Icor teams with Reuters to deliver FX options

Icor Brokerage has formed a 50:50 venture with international dealing systems provider Reuters to deliver its FX options broking service, and in one swoop dismissed suggestions that the company faced problems raising cash.

Reuters will contribute $10 million to the joint venture and will host Icor’s broking system on its Dealing 3000 trading system. The deal also gives Icor the advantage of the Reuters brand name in an intensively competitive environment, as the FX community becomes bombarded with new online FX options broking systems.

“We want to be close to the trader,” said president of Icor Brokerage, Neil Chriss, “And no one is closer to the trader than Reuters.”

Reuters director of Treasury Services Mark Robson said the deal “validates the investment our customers make when they take the next generation of Dealing products, with Dealing 3000”.

The options broking capability will also complement Reuters’ current service in spot and forwards FX.

Traders now have a number of ways that they can broker FX options. Earlier this week, inter-dealer currency joint venture broker TFS-Icap indicated that it would takeover bank consortium-owned Volbroker; while competitors Cantor Fitzgerald and GFInet both offer an FX options capability.

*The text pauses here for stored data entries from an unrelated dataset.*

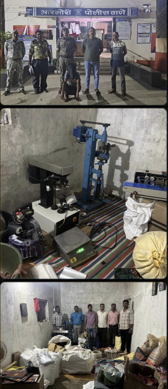 मंगळवार (ता. २) स्थानिक गुन्हे शाखेच्या पथकाला गोपनीय माहिती मिळाली की, १५ दिवसांपूर्वी मौजा डार्ली, ता. आरमोरी, जि. गडचिरोली येथील रेखाबाई सडमाके यांच्या राहते घरी आरोपी ओमप्रकाश गेडाम, रा. डार्ली, ता. आरमोरी, जि. गडचिरोली व इतर चार जणांनी मशिनच्या साहाय्याने सुगंधित तंबाखूचे उत्पादन करण्याकरिता अवैध कारखाना सुरू केला होता. अशी खात्रीशीर माहिती प्राप्त झाल्याने वरीष्ठांच्या मार्गदर्शनात स्थानिक गुन्हे शाखेचे एक पथक डार्ली येथे रवाना झाले. गोपनीय माहितीमध्ये नमूद महिला रेखाबाई सडमाके ( वय ४२) रा. डार्ली, ता. आरमोरी, जि. गडचिरोली हिच्या घरी पोहचून सर्व कायदेशीर प्रक्रियेस अनुसरून पोलिस पथकाने तिच्या घराची पंचासमक्ष झडती घेतली असता त्या घरामध्ये सुगंधित तंबाखूने भरलेल्या टिनाच्या डब्यांचे विविध बॉक्स व सुगंधित तंबाखूचे उत्पादन करण्याकरिता आवश्यक असणारे साहित्य आढळून आले. सर्व सुगंधित तंबाखू व साहित्य जप्त करण्यात आले. २ राखडी खर्ड्याच्या बॉक्समध्ये६५ नग मजा १०८ हुक्का शिश तंबाखू कंपनीचे भरलेले २०० ग्रॅम वजनाचे टिनाचे डब्बे, प्रति डब्बा अवैध विक्री किंमत २००० प्रमाणे एकूण १, ३०, ००० रुपये, मजा १०८ हुक्का – शिशा तंबाखू कंपनीचे १० खर्ड्याचे बॉक्स, प्रत्येक बॉक्समध्ये ५० ग्रॅम वजनाचे १० नग टिनाचे डब्बे, असे एकूण १०० नग टिनाचे डब्बे, अवैध विक्री किंमत ३०० रुपयेप्रमाणे एकूण किंमत ३०,००० रुपये. पांढऱ्या रंगाच्या चुंगळीमध्ये कच्चा तंबाखू असलेले २४ नग चुंगळी, प्रत्येक चुंगळीमध्ये ३ कि.ग्रॅ. वजनाचे ९६ प्लास्टिक असे एकूण २८८ कि.ग्रॅ. अवैध विक्री किंमत १००० रुपये प्रमाणे एकूण किंमत २,८८००० रुपये, निळ्या रंगाची २०० ग्रॅम वजनाचा मजा १०८ हुक्का शिशा तंबाखू पॅकींग करण्याची लोखंडी मशिन अंदाजे किंमत ८०, ००० रुपये ५० ग्रॅम वजनाचा मजा १०८ हुक्का शिशा तंबाखू टिनाचा डब्बा पॅकींग करण्याची इलेक्ट्रीक मोटर असलेली लोखंडी मशिन अंदाजे किंमत १,१०,००० रुपये, होला हुक्का शिशा तंबाखू प्लास्टिक पिशवी पॅकींग करण्याची लोखंडी मशीन अंदाजे किंमत ६५००० रुपये, हिमालया बॅग क्लोजर प्लास्टिक चुंगळी शिलाई मशीन अंदाजे किंमत ५०, ००० रुपये, इलेक्ट्रीक वजन काटा अंदाजे किंमत १५०० रुपये होला हुक्का शिशा तंबाखू पॅकींग करण्यासाठी वापरलेली फिलीप्स कंपनीची हेअर स्ट्रेटनर २ नग, प्रत्येकी किंमत २००० रुपये प्रमाणे एकूण ४००० रुपये, इतर रिकामे टिनाचे डब्बे, टिनाच्या डब्याला सिल करण्याकरिता वापरला जाणारा सील, टिनाचे गोल झाकण, प्लास्टिक टेप (चिकटपट्टी), पांढऱ्या रंगाच्या नायलॉनच्या पट्ट्या, कागदी खर्ड्याचे बॉक्स, प्लास्टिक, हिरव्या रंगाची प्लास्टिक पिशवी, प्लास्टिक पाऊच, स्टिकर्स आदी साहित्
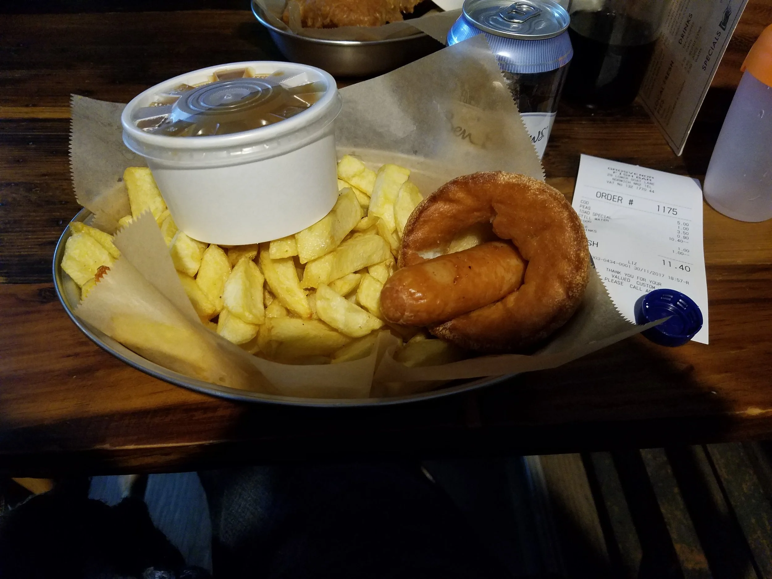 The next day, we journeyed to Greenwich to visit the Astronomers Royal Observatory where we toured the Royal Astronomers' house and planted our feet in both the east and west with respect to the Primer Meridian. To get there, we had to cross the city of Greenwich and a large park, climbing up a steep hill battling sleet. After, we rewarded ourselves with a nice ale and delicious fish and chips at The Greenwich Tavern.
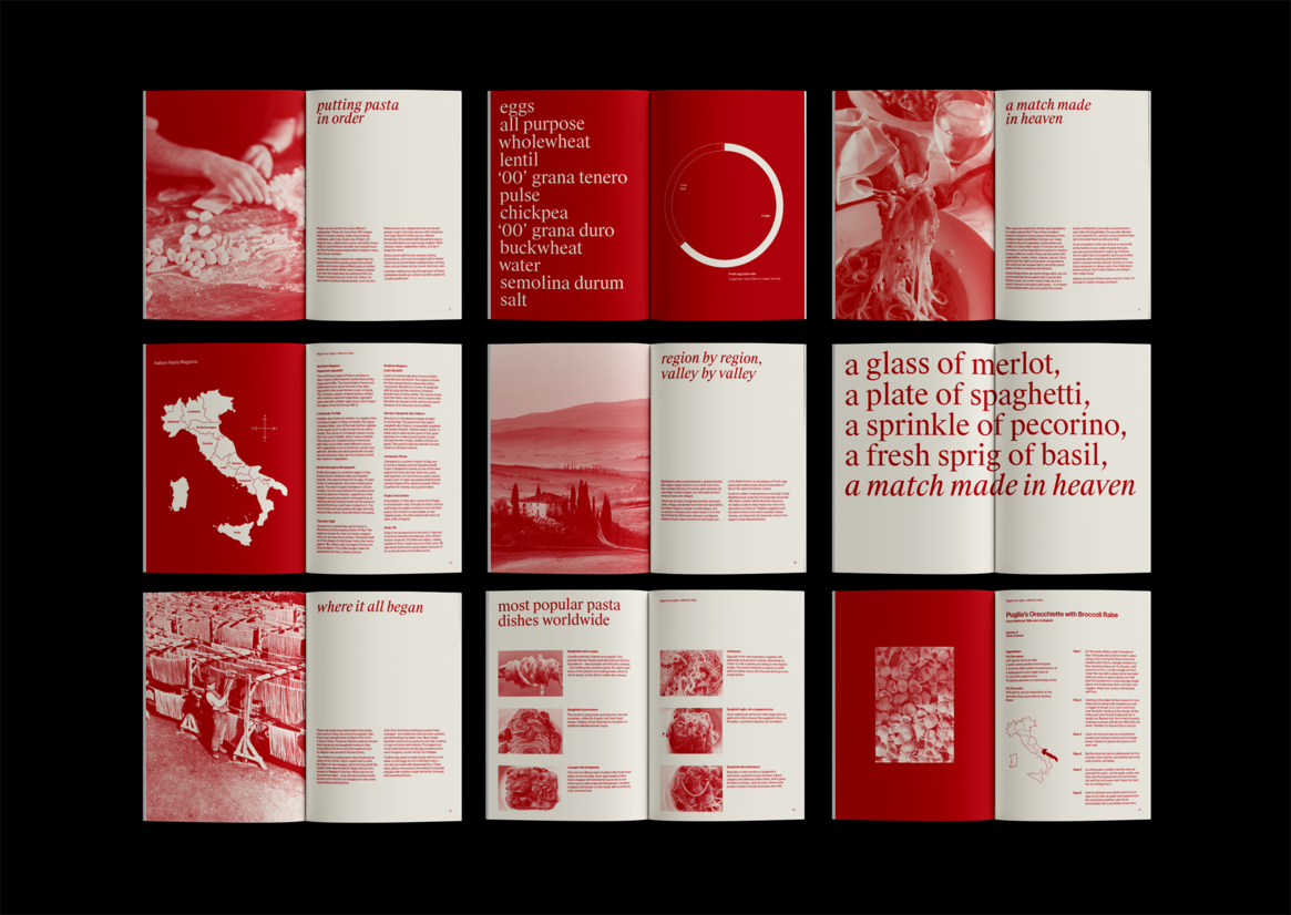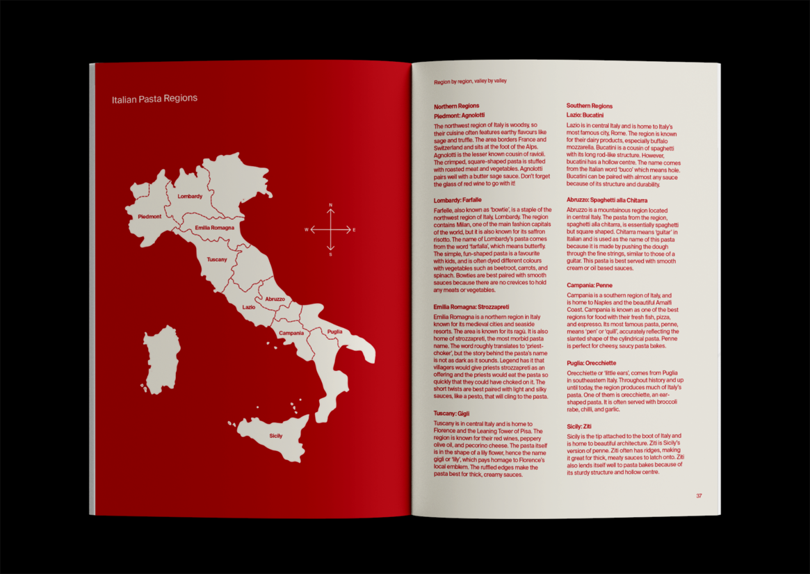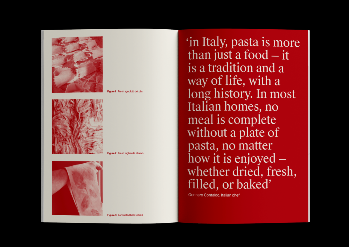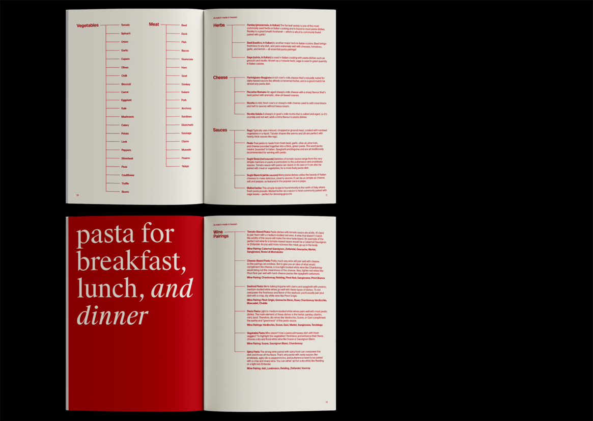 To visualise this vast range of information, I used Suisse Int’l for my body copy as it is a clean, legible neo-grotesque sans serif. As I progressed with the project, I introduced Suisse Works – the counterpart serif to Suisse Int’l. Set in lowercase italics, Suisse Works added sophistication and a traditional feel to the book. The text is set in a ‘Pomodoro-like’ red which references the San Marzano tomato that is prominent within Italian cuisine, especially in sughi rossi (red pasta sauces). The off-white paper stock is a subtle nod towards the sandy colour of pasta itself. I have used a range of images that are in a red and off-white duotone to be consistent with the rest of the visual system. Anyone who loves pasta can enjoy this poster and book combination as it is sophisticated and light-hearted, but simple, and fun!
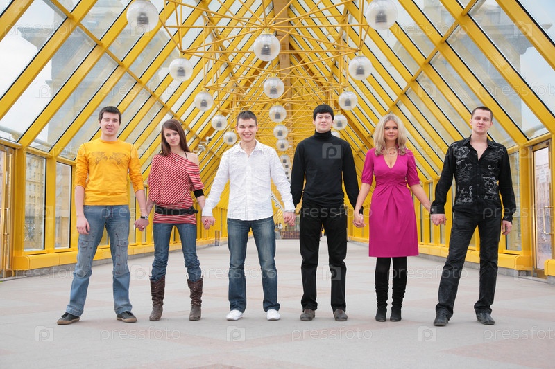 Молодые люди стоят, взявшись за руки

The Icor service will be purely electronic, but customer account managers will also be on hand to guide users. This contrasts with GFInet’s hybrid system, which links voice and screen broking, and the anticipated link-up between electronic service Volbroker and voice broker TFS-Icap.

The Icor Brokerage in association with Reuters will be launched for clients in the Far East eraly next year, Chriss said. “We want to focus on one area and put 100% into making that work." The Asian focus will also mean Icor can iron out potential problems before rolling out to major clients in the US and Europe, observers noted.

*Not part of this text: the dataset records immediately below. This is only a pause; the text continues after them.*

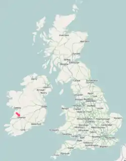 The closest international airport is Shannon (SNN), then Galway (GWY), Cork (ORK), Waterford (WAT), Dublin (DUB), and Belfast (BFS).
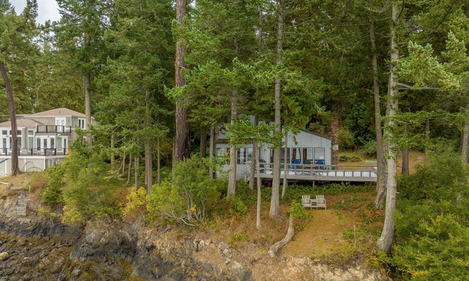 The home is located down a wooded driveway in the desirable Roche Harbor area. The neighboring streets are great for biking and walking while the dining, shopping, and marina activities at Roche Harbor are within a 5-minute drive or easy 20-minute walk.
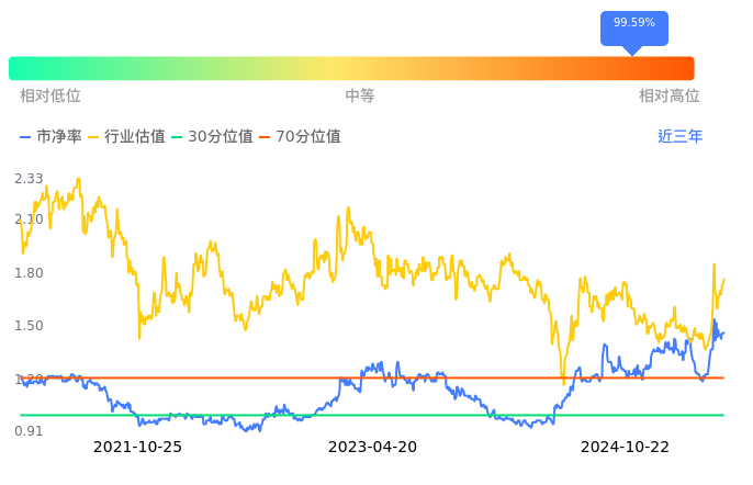 中国中车当前市净率PB为1.52,在所属的轨交设备中,市净率PB排10,前五名分别为天宜上佳市净率0.75、中铁工业市净率0.79、威奥股份市净率0.91、九州一轨市净率1.09、今创集团市净率1.24。中国中车当前市净率PB为1.47,超过近3年99.59%的历史数据。
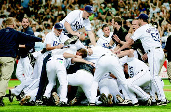 美国职业棒球美洲联赛东部地区的“最后一名” 坦帕湾队,战胜了去年的冠军波斯顿,创团以来第一次进入了世界系列赛。
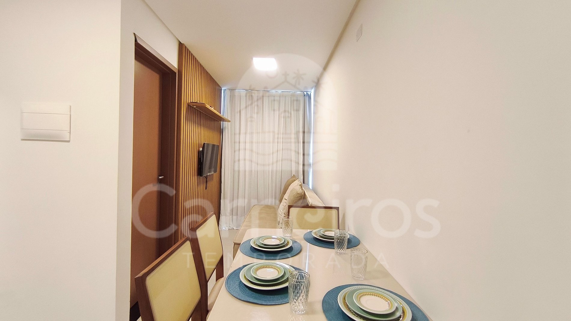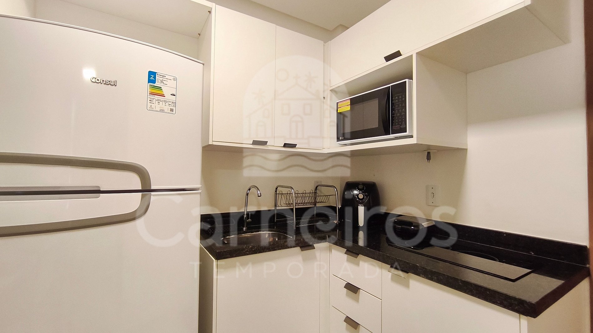 A sala de estar conta com uma decoração aconchegante e minimalista, possui sofá-cama casal e TV. A cozinha é completa e equipada com os principais utensílios como talheres, copos, panelas, cooktop, geladeira, micro-ondas, airfryer e outros. Possui também 1 banheiro completo.
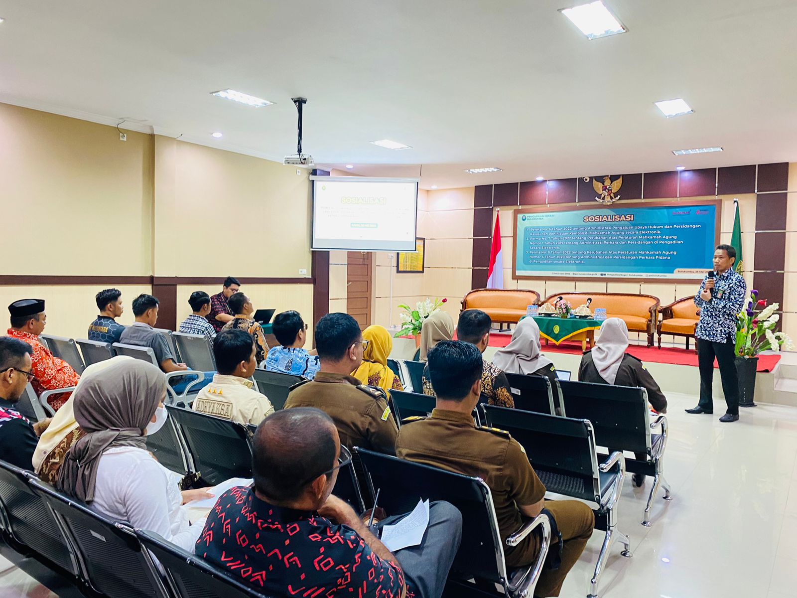 Ketua Pengadilan Negeri Bulukumba Bapak Dr. Muhammad Adil Kasim, S.H., M.H. selaku pemateri dalam sosialisasi tersebut yang dihadiri oleh Kepala Kejaksaan Bulukumba, Kapolres Bulukumba, Kepala lapas Bulukumba dan Yayasan Lembaga Bantuan Hukum Bulukumba serta seluruh pegawai aparatur Pengadilan Negeri Bulukumba

The deal, which has been in negotiation since October last year, has delayed the launch of Icor’s system, which was originally scheduled for launch in the middle of this year. Chriss said the roll-out was delayed so the service could be reconfigured for Reuters’ system.

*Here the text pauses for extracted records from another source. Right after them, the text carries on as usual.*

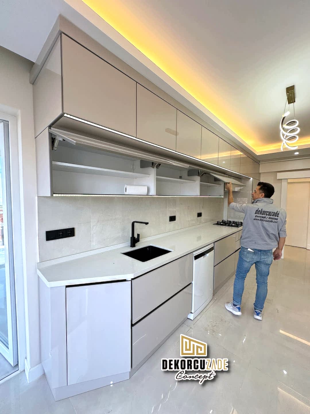 - Akrilik Mutfak Dolapları: Yüksek parlaklık ve dayanıklılık sunar. Çizilmelere karşı dirençlidir.
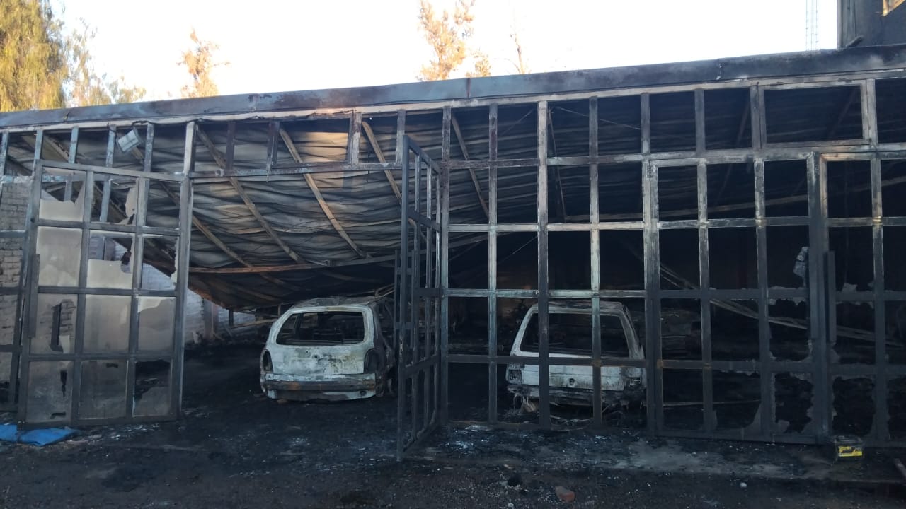 Incendio en un taller mecánico de Caucete: Seis autos destruidos
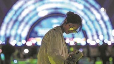 日前,重庆市黔江区的迎春灯饰投用,夜幕下迎春灯饰流光溢彩,营造出欢乐、祥和、喜庆的节日氛围,吸引了众多市民前往观赏。杨敏 摄
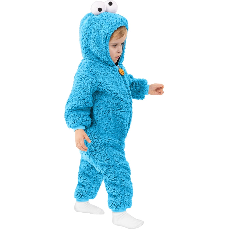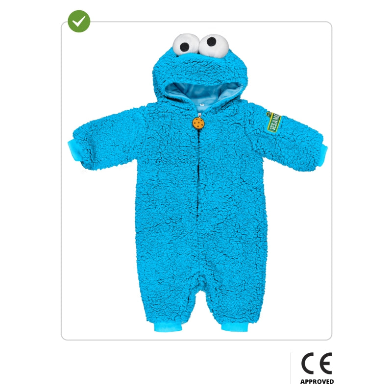 Disfarce oficial do Monstro das Bolachas para bebé com fato com capuz. Disponível em 3 tamanhos. Macio, divertido e perfeito para os mais pequenos.

Existing Icor investors, believed to have contributed $15 million in previous funding, will have their shareholdings diluted from 100% to 50%. Both Icor chief executive Jeff Larsen and Chriss will remain on the Icor board, while Reuters Treasury Services managing director Julie Holland and another Reuters executive will take the remaining two seats.

Larsen said the $10 million raised would be used as general operating cash, but added that Icor plans to develop an interest rate derivatives platform due for launch at the end of next year.